Start of Input data
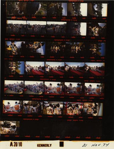 | Keywords: Ford A2010 NLGRF photo contact sheet (1974-11-21)(Gerald Ford Library).jpg White House Photographic Office WHPO is housed at the Gerald R Ford Presidential Library a branch of the National Archives and Records Administration NARA <br/><br/> This file is a 200 dpi photo contact sheet having images from roll of film A2010 of the August 9 1974 - January 20 1977 Gerald R Ford White House Photographic Office Series A0001-A9999 and B0001-B2886 photographs <br/><br/> The date on the photo contact sheet is the date the roll of film was processed not necessarily the date the photographs were taken See table below for additional details 1974-11-21 Gerald R Ford Presidential Library Image http //www fordlibrarymuseum gov/library/whphotos/A2010_NLGRF jpg A2010_NLGRF jpg from http //www fordlibrarymuseum gov/library/whphotos/19741121whpo pdf White House Photographs November 21 1974 of the http //www fordlibrarymuseum gov/Library/whphotos/whpo asp White House Photographic Collection page White House Photographic Office WHPO <br/> Creator David Hume Kennerly PD-USGov Institution Institution Gerald R Ford Presidential Library Table wikitable sortable + Photo contact sheet A2010 U S President Ford Administration Gerald R Ford Library Frame s Tone Subject proper Subject generic Names Geographic Location Photographer Date - 3A-5A Color Trip to Japan - 1st Visit to Japan by Sitting U S President - Tour of Residence for Shogun Rulers - Local Time walking across footbridge and through garden GRF Kyoto Japan Nijo Castle -Seiryuuen Garden Area Kennerly 1974-11-21 - 6A-20A Color Trip to Japan - 1st Visit to Japan by Sitting U S President - Tour of Residence for Shogun Rulers - Local Time GRF watching musicians perform; standing posing GRF Musicians Kyoto Japan Nijo Castle -Seiryuuen Garden Area Kennerly 1974-11-21 - 21A-22A Color Trip to Japan - 1st Visit to Japan by Sitting U S President - Tour of Residence for Shogun Rulers - Local Time standing behind rope; some extending microphones others taking photographs Media Kyoto Japan Nijo Castle -Seiryuuen Garden Area Kennerly 1974-11-21 - 23A-26A Color Trip to Japan - 1st Visit to Japan by Sitting U S President - Tour of Residence for Shogun Rulers - Local Time kneeling backs to camera Girls in Traditional Dress Kyoto Japan Nijo Castle -Seiryuuen Garden Area Kennerly 1974-11-21 - 27A-31A Color Trip to Japan - 1st Visit to Japan by Sitting U S President - Tour of Residence for Shogun Rulers - Local Time standing talking; some holding flags - all not in every frame GRF Girls in Traditional Dress Kyoto Japan Nijo Castle -Seiryuuen Garden Area Kennerly 1974-11-21 - 1A-2A Color Trip to Japan - 1st Visit to Japan by Sitting U S President - Tour of Residence for Shogun Rulers - Local Time Kyoto Japan Nijo Castle Kennerly 1974-11-21 Gerald R Ford Presidential Library and Museum-cooperation PD-USGov Contact sheets by the Ford White House November 1974 Photographs by David Hume Kennerly from 1974 |
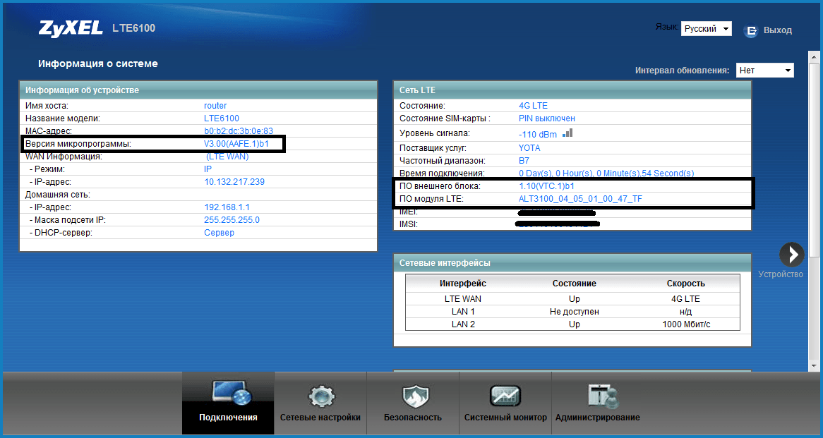 3. Отобразятся сведения о работе устройств LTE6101, в частности, информация о мобильной сети и Wi-Fi.
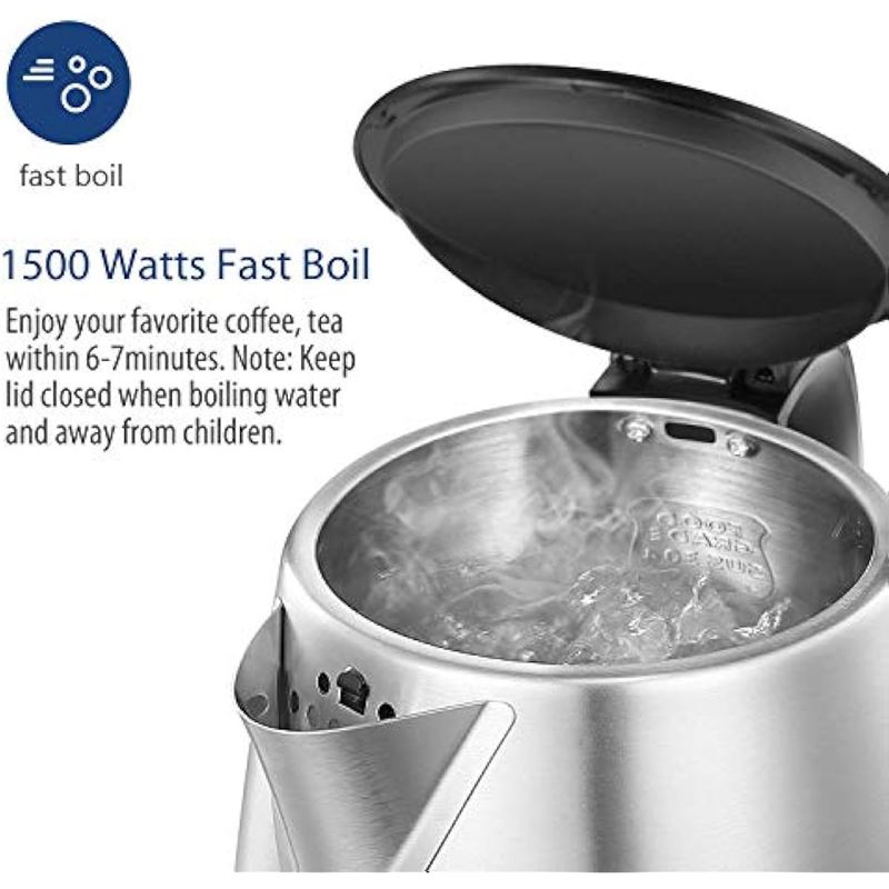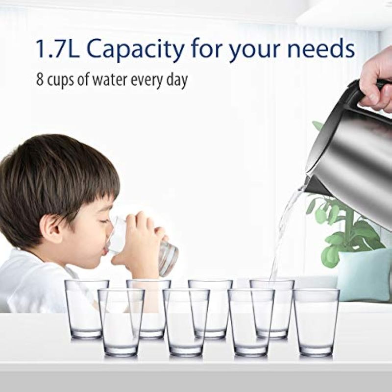 Comfee - Tetera eléctrica de acero inoxidable de 1.7 litros, hervidor de agua caliente sin BPA,
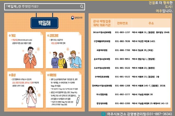 경기호연뉴스 민선기 기자 | 여주시보건소 보건행정과는 최근 전국적으로 백일해 환자가 급증함에 따라 백일해 예방 접종 및 개인위생 준수를 당부했다.
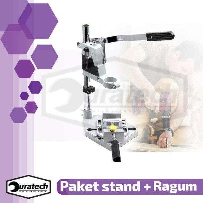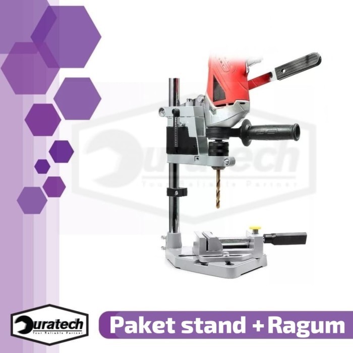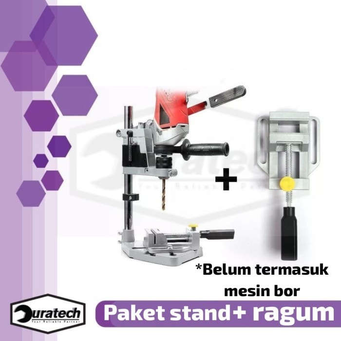 Paket 2 in1 Stand Drill Dudukan Bor Tangan Dan Drill Press Vice Clamp Drill Stand Stan Bor Tangan Penyanggah Dudukan
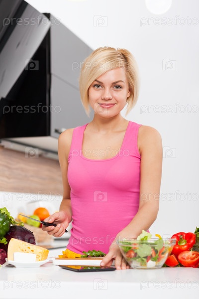 Девушка готовит салат
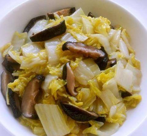 3.锅内倒入油,油热后放入葱蒜爆香。闻到香味后,先拌入小白菜梗和香菇。搅拌直到蘑菇消失,然后加入叶子。用盐调味并继续搅拌,直到蘑菇完全煮熟。
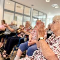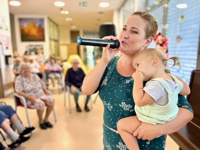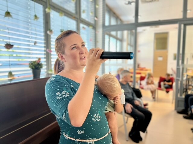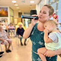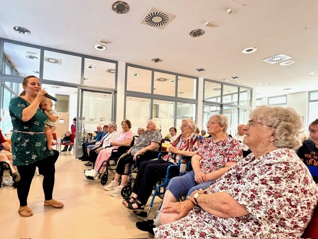 Na lep poletni dan nas je obiskala Urša Mršnik in nas s svojim čarobno žametnim glasom nežno pobožala, tako kot vsakič prej, ko je bila še zaposlena pri nas. Slišali smo kar nekaj lepih slovenskih in hrvaških popevk, poleg smo se zazibali in seveda tudi zapeli. Urša tokrat ni prišla sama. Cel čas nastopa se ji je v naročju namreč stiskala njena najmlajša Nika, najstarejša Kaja nam je zapela krasno pesmico o čebelici, bratec Rok pa je skrbel za varnost. Za njihov prisrčno navihan obisk se vsem lepo zahvaljujemo in upamo, da nas ponovno kmalu obiščejo.
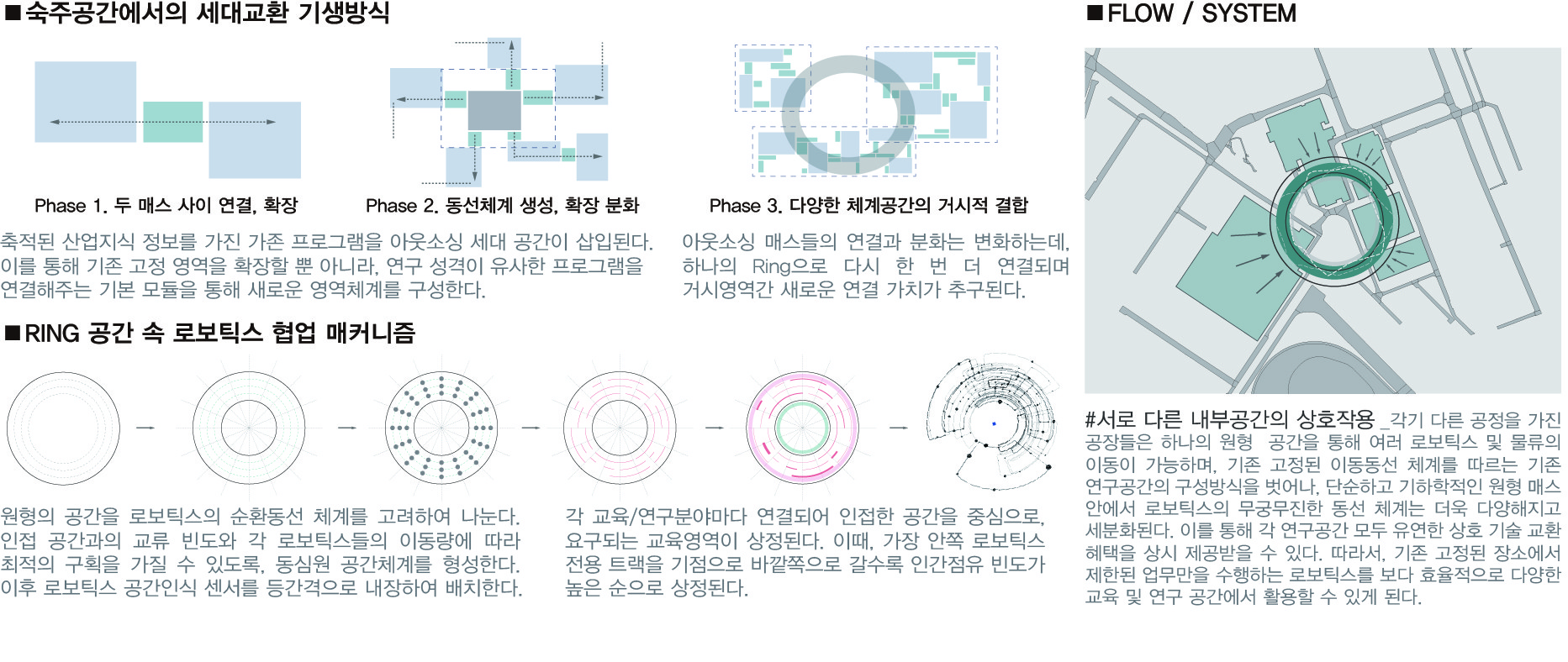 절대적으로 부족한 생산인구수를 보완하기 위해선 새롭게 개발되는 Ai자동화 시스템과 로보틱스 또한 적극적으로 동원해야 할 것이다. 두 바퀴 굴림체제에 익숙한 그들을 위해서는 새로운 체계의 수평적 공간 또한 반드시 고려해야 한다. 하지만 현재의 산업연구시설은 지극히 인간중심으로 일률화된 공간이 주를 이루고 있으며, 로보틱스를 그에 익숙하도록 개발하다보니 인간과 로보틱스의 매끄러운 상호작용이 불가능에 가까웠고, 이는 로보틱스 자체의 개발 정도마저 더디게 만드는 데 불과했다.
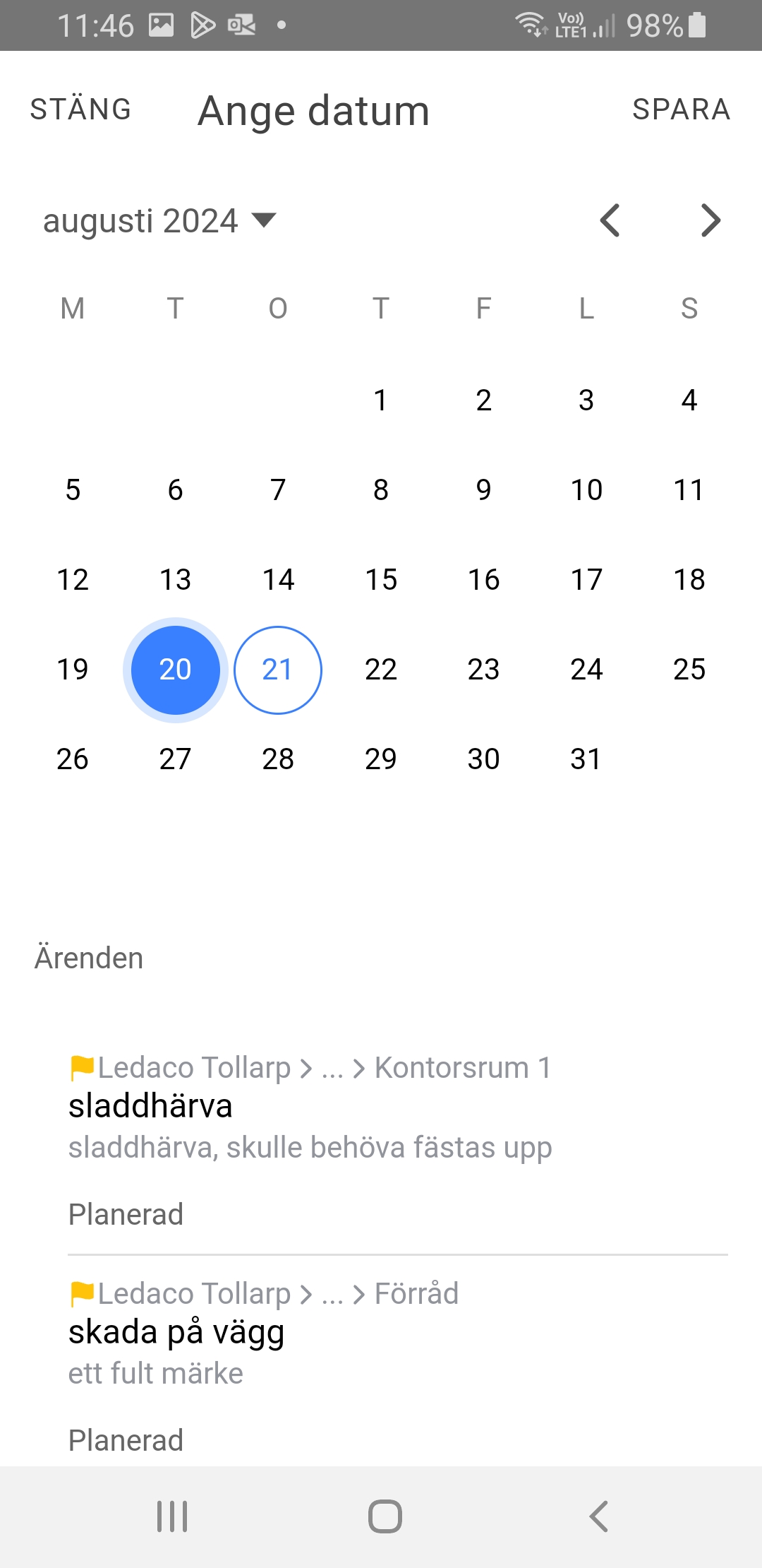 När du går till ett ärende och klickar på knappen "Ange datum" öppnas en dialogruta där du kan välja ett specifikt datum. Efter att du har valt datumet kan du spara dina ändringar, vilket uppdaterar ärendet med den nya informationen.
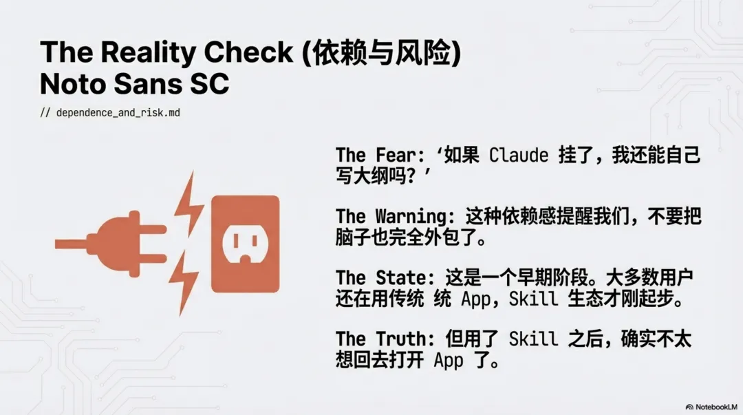 说实话,这话我现在还不敢完全认同。大多数用户还在用传统App,Agent / Skill生态才刚起步。但我自己的体感是,用了Agent / Skill之后确实不太想回去打开App了。
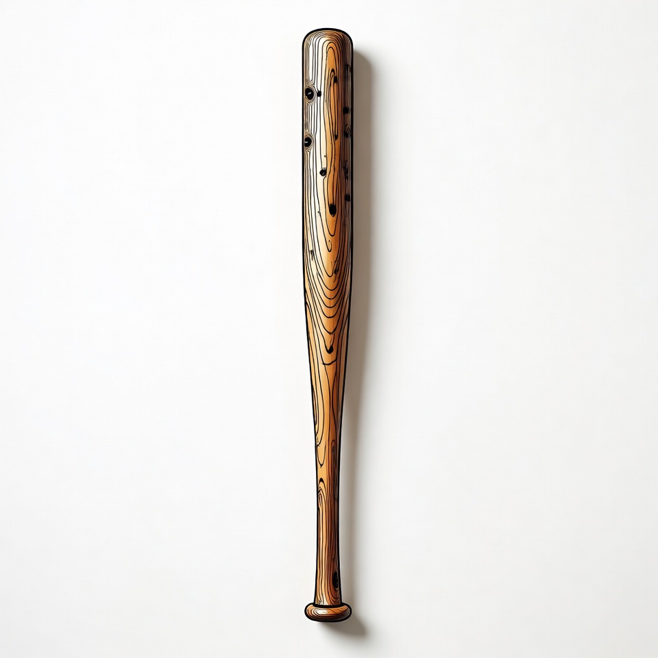 baseball, bat, black dots, brown bat, game bat, illustration, isolated background, sports equipment, vertical bat, wood grain, wooden bat, baseball bat
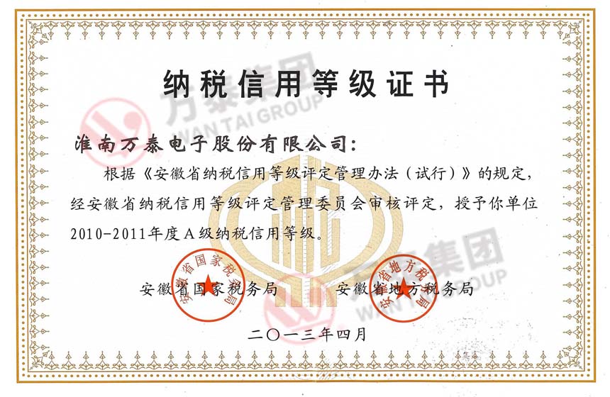 • 納稅信用等級證書
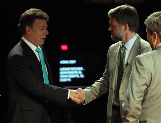 Foto: BOGOTÁ (COLOMBIA), 27/05/2010.- El candidato a la presidencia de Colombia por el partido Verde, Antanas Mockus (d), saluda a su contendor del Partido de la U, Juan Manuel Santos hoy, jueves 27 de mayo de 2010, durante un debate televisado celebrado en Bogotá (Colombia). En el debate también participaron los candidatos a la presidencia de Colombia Rafael Pardo, Gustavo Petro, German Vargas Lleras y Noemi Sanin. EFE/MAURICIO DUEÑAS
End of Input data
**What this task involves:** Write out every record above exactly as it stands, but leave out the pictures.

**Exercise answer:**
 | Keywords: Ford A2010 NLGRF photo contact sheet (1974-11-21)(Gerald Ford Library).jpg White House Photographic Office WHPO is housed at the Gerald R Ford Presidential Library a branch of the National Archives and Records Administration NARA <br/><br/> This file is a 200 dpi photo contact sheet having images from roll of film A2010 of the August 9 1974 - January 20 1977 Gerald R Ford White House Photographic Office Series A0001-A9999 and B0001-B2886 photographs <br/><br/> The date on the photo contact sheet is the date the roll of film was processed not necessarily the date the photographs were taken See table below for additional details 1974-11-21 Gerald R Ford Presidential Library Image http //www fordlibrarymuseum gov/library/whphotos/A2010_NLGRF jpg A2010_NLGRF jpg from http //www fordlibrarymuseum gov/library/whphotos/19741121whpo pdf White House Photographs November 21 1974 of the http //www fordlibrarymuseum gov/Library/whphotos/whpo asp White House Photographic Collection page White House Photographic Office WHPO <br/> Creator David Hume Kennerly PD-USGov Institution Institution Gerald R Ford Presidential Library Table wikitable sortable + Photo contact sheet A2010 U S President Ford Administration Gerald R Ford Library Frame s Tone Subject proper Subject generic Names Geographic Location Photographer Date - 3A-5A Color Trip to Japan - 1st Visit to Japan by Sitting U S President - Tour of Residence for Shogun Rulers - Local Time walking across footbridge and through garden GRF Kyoto Japan Nijo Castle -Seiryuuen Garden Area Kennerly 1974-11-21 - 6A-20A Color Trip to Japan - 1st Visit to Japan by Sitting U S President - Tour of Residence for Shogun Rulers - Local Time GRF watching musicians perform; standing posing GRF Musicians Kyoto Japan Nijo Castle -Seiryuuen Garden Area Kennerly 1974-11-21 - 21A-22A Color Trip to Japan - 1st Visit to Japan by Sitting U S President - Tour of Residence for Shogun Rulers - Local Time standing behind rope; some extending microphones others taking photographs Media Kyoto Japan Nijo Castle -Seiryuuen Garden Area Kennerly 1974-11-21 - 23A-26A Color Trip to Japan - 1st Visit to Japan by Sitting U S President - Tour of Residence for Shogun Rulers - Local Time kneeling backs to camera Girls in Traditional Dress Kyoto Japan Nijo Castle -Seiryuuen Garden Area Kennerly 1974-11-21 - 27A-31A Color Trip to Japan - 1st Visit to Japan by Sitting U S President - Tour of Residence for Shogun Rulers - Local Time standing talking; some holding flags - all not in every frame GRF Girls in Traditional Dress Kyoto Japan Nijo Castle -Seiryuuen Garden Area Kennerly 1974-11-21 - 1A-2A Color Trip to Japan - 1st Visit to Japan by Sitting U S President - Tour of Residence for Shogun Rulers - Local Time Kyoto Japan Nijo Castle Kennerly 1974-11-21 Gerald R Ford Presidential Library and Museum-cooperation PD-USGov Contact sheets by the Ford White House November 1974 Photographs by David Hume Kennerly from 1974 |
 3. Отобразятся сведения о работе устройств LTE6101, в частности, информация о мобильной сети и Wi-Fi.
 Comfee - Tetera eléctrica de acero inoxidable de 1.7 litros, hervidor de agua caliente sin BPA,
 경기호연뉴스 민선기 기자 | 여주시보건소 보건행정과는 최근 전국적으로 백일해 환자가 급증함에 따라 백일해 예방 접종 및 개인위생 준수를 당부했다.
 Paket 2 in1 Stand Drill Dudukan Bor Tangan Dan Drill Press Vice Clamp Drill Stand Stan Bor Tangan Penyanggah Dudukan
 Девушка готовит салат
 3.锅内倒入油,油热后放入葱蒜爆香。闻到香味后,先拌入小白菜梗和香菇。搅拌直到蘑菇消失,然后加入叶子。用盐调味并继续搅拌,直到蘑菇完全煮熟。
 Na lep poletni dan nas je obiskala Urša Mršnik in nas s svojim čarobno žametnim glasom nežno pobožala, tako kot vsakič prej, ko je bila še zaposlena pri nas. Slišali smo kar nekaj lepih slovenskih in hrvaških popevk, poleg smo se zazibali in seveda tudi zapeli. Urša tokrat ni prišla sama. Cel čas nastopa se ji je v naročju namreč stiskala njena najmlajša Nika, najstarejša Kaja nam je zapela krasno pesmico o čebelici, bratec Rok pa je skrbel za varnost. Za njihov prisrčno navihan obisk se vsem lepo zahvaljujemo in upamo, da nas ponovno kmalu obiščejo.
 절대적으로 부족한 생산인구수를 보완하기 위해선 새롭게 개발되는 Ai자동화 시스템과 로보틱스 또한 적극적으로 동원해야 할 것이다. 두 바퀴 굴림체제에 익숙한 그들을 위해서는 새로운 체계의 수평적 공간 또한 반드시 고려해야 한다. 하지만 현재의 산업연구시설은 지극히 인간중심으로 일률화된 공간이 주를 이루고 있으며, 로보틱스를 그에 익숙하도록 개발하다보니 인간과 로보틱스의 매끄러운 상호작용이 불가능에 가까웠고, 이는 로보틱스 자체의 개발 정도마저 더디게 만드는 데 불과했다.
 När du går till ett ärende och klickar på knappen "Ange datum" öppnas en dialogruta där du kan välja ett specifikt datum. Efter att du har valt datumet kan du spara dina ändringar, vilket uppdaterar ärendet med den nya informationen.
 说实话,这话我现在还不敢完全认同。大多数用户还在用传统App,Agent / Skill生态才刚起步。但我自己的体感是,用了Agent / Skill之后确实不太想回去打开App了。
 baseball, bat, black dots, brown bat, game bat, illustration, isolated background, sports equipment, vertical bat, wood grain, wooden bat, baseball bat
 • 納稅信用等級證書
 Foto: BOGOTÁ (COLOMBIA), 27/05/2010.- El candidato a la presidencia de Colombia por el partido Verde, Antanas Mockus (d), saluda a su contendor del Partido de la U, Juan Manuel Santos hoy, jueves 27 de mayo de 2010, durante un debate televisado celebrado en Bogotá (Colombia). En el debate también participaron los candidatos a la presidencia de Colombia Rafael Pardo, Gustavo Petro, German Vargas Lleras y Noemi Sanin. EFE/MAURICIO DUEÑAS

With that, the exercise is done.